Bold lake region economic plan could be more innovative

What you need to know:

  • The blueprint identifies seven flagship areas that are in turn merged into three sectors namely productive sectors, enabling sectors and social sectors.
  • Just because sugarcane forms the largest industrial crop in the region doesn't mean that it also forms the main gateway for value addition and income growth.
  • Given that the region also forms Kenya’s borders to both Tanzania and Uganda, the commodities market has great potential in a regional bulking centre.

A professional colleague handed me the Lake Region Economic Blueprint, developed on behalf of some counties by a business advisory firm with support from the Ford Foundation.

It represents the quest by counties situated close to Lake Victoria to foster growth and improve the welfare of the people resident in these counties. Towards the end of its preparation, Kericho, Bomet and Trans Nzoia applied to join the initial ten comprising Busia, Bungoma, Homa Bay, Kakamega, Kisii, Kericho, Kisumu, Migori, Nyamira, Siaya and Vihiga.

While I am a sceptic of documents and master plans purporting to direct economic and social development, I find this quest laudable for many political and economic reasons, primarily because these 10+3 county governments have initiated a development process independent of the national government.

While the plan wisely cites the intention align itself to prescriptions of Vision 2030, it also signals that county governments, whether alone or corporately, have ideas that they wish to implement independently.

This suggests that the wheels of the devolution train are moving ahead and are unstoppable even if the train can be momentarily delayed at some stations.

While these plans will not all be a success, failure is an experience that central government has had in abundance, the record of which requires modesty on its part.

Contained in the blueprint are interesting insights and connections that inspire and others that repeat clichés of development thinking in Kenya. The blueprint identifies seven flagship areas that are in turn merged into three sectors namely productive sectors, enabling sectors and social sectors.

Agriculture and tourism are fronted as the productive sectors in which the 10+3 counties will drive growth and improve livelihoods. It is difficult to argue against the idea that there is need to provide incentives for investments in tourism in the region.

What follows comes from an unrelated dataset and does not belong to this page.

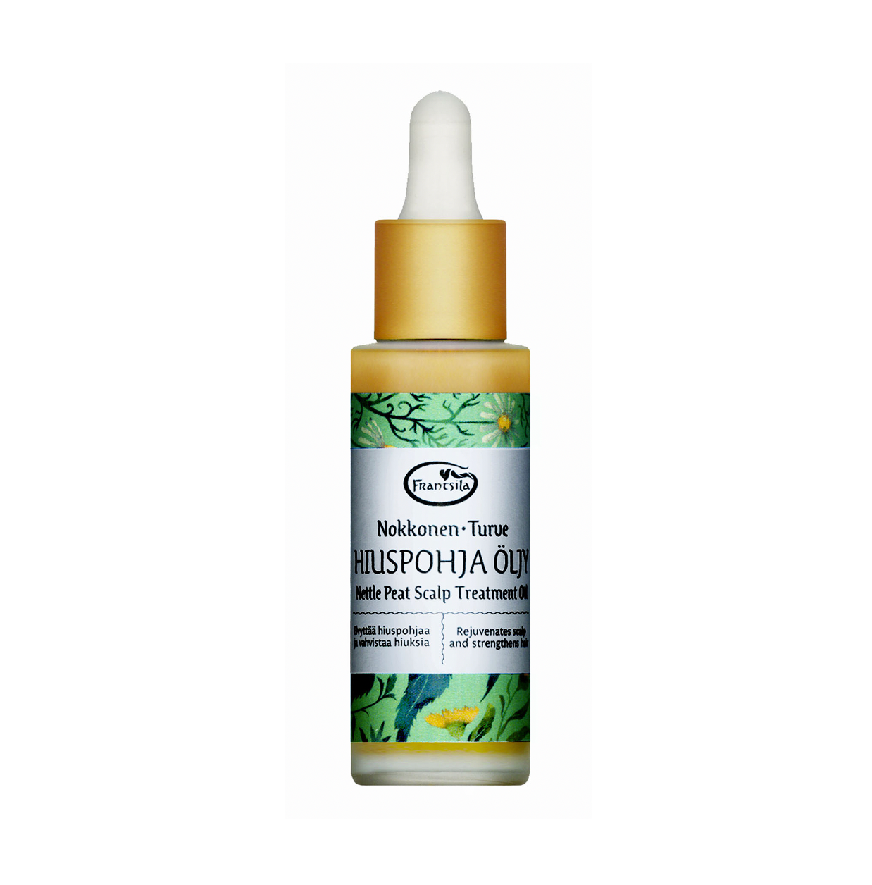 髪と頭皮に輝きを、森の恵みフランシラのピートヘアケアシリーズ。ピート&ネトルエキスなど植物成分 100%のスカルプエッセンス。 シャンプー前に頭皮全体をマッサージすることで毛穴の周りをクレンジング。 頭皮を洗浄し、フケやかゆみを抑え、髪のハリ感をアップさせて毛先までしっとりと天然の香り成分が頭皮特有の臭いをケア。 アウトバスの毛髪ケアにも使えます。 気持ちもリラックスしながら健やかな頭皮でハリとコシのある艶髪へ。 頭皮だけで肩や首筋のマッサージ用にも

Coming to the proposals on agriculture, it is unclear whether a sufficiently critical lens was applied to the analysis, because the blueprint maintains the false dichotomy between food crops and cash crops.

A grand plan ought not to reiterate this false dichotomy because food products are also amenable to exchange for cash provided surpluses are generated. The implication is that the errors of agricultural policy analysis at the national level have informed this plan.

LOOK AGAIN AT SUGARCANE

This is a material finding because from this false dichotomy comes emphasis on intensifying production of cotton and sugarcane. For sugarcane, this is a curious proposal because the plan states that of the 10 counties in the plan, Kakamega County has the highest poverty head count and is also the site of highest sugar production.

Just because sugarcane forms the largest industrial crop in the region doesn't mean that it also forms the main gateway for value addition and income growth.

Indeed, poverty levels in the regions most dependent on sugarcane growing suggest that the people of these counties are locked in a crop that correlates highly with poverty.

A bolder plan consistent with the objectives of welfare enhancement ought to have cautioned on its continued production, if not suggested the abandonment of the crop altogether.

Another diagnosis in the blueprint makes the very intelligent suggestion of the development of a commodities market. This is informed by the understanding that agriculture is a major activity of households, and seeks to capture efficiencies and bulking of these commodities through efficient trading.

Given that the region also forms Kenya’s borders to both Tanzania and Uganda, the commodities market has great potential in a regional bulking centre. The blueprint mentions in passing the proximity to these countries but its advantage as a gateway to trade within East African Community (EAC) could be more prominent.

WHY A REGIONAL BANK ?

In the area of infrastructure investment, the blueprint stands out for bold ambition. It seeks to build a ring road connecting the original ten counties, which is important because it requires a considerable amount of investment in partnership with the national government.

Here though, the blueprint shows a dearth of innovation in the financing of infrastructure by relying on conventional methods such as direct investments, foreign funding and public private partnerships. Bold ideas such as a joint county infrastructure bond could be pioneered by the 10+3.

The blueprint proposes the formation of a regional bank as a solution to the finding that this region shows low penetration by banking and financial institutions. Whether this low penetration is driven by the low level of urbanisation or poor monetisation of agriculture is unexplored, which raises doubt as to whether establishing a regional bank is an appropriate policy response.

I doubt the counties should spend public money to establish a facility for which no demand has been demonstrated, but which will surely prove lucrative for advisors during its establishment.

For their boldness, the 10+3 deserve good luck, but this plan can get them only 65 per cent of the way there. The ideas contained in it ought to be improved by working with a bold but smaller and smarter programme.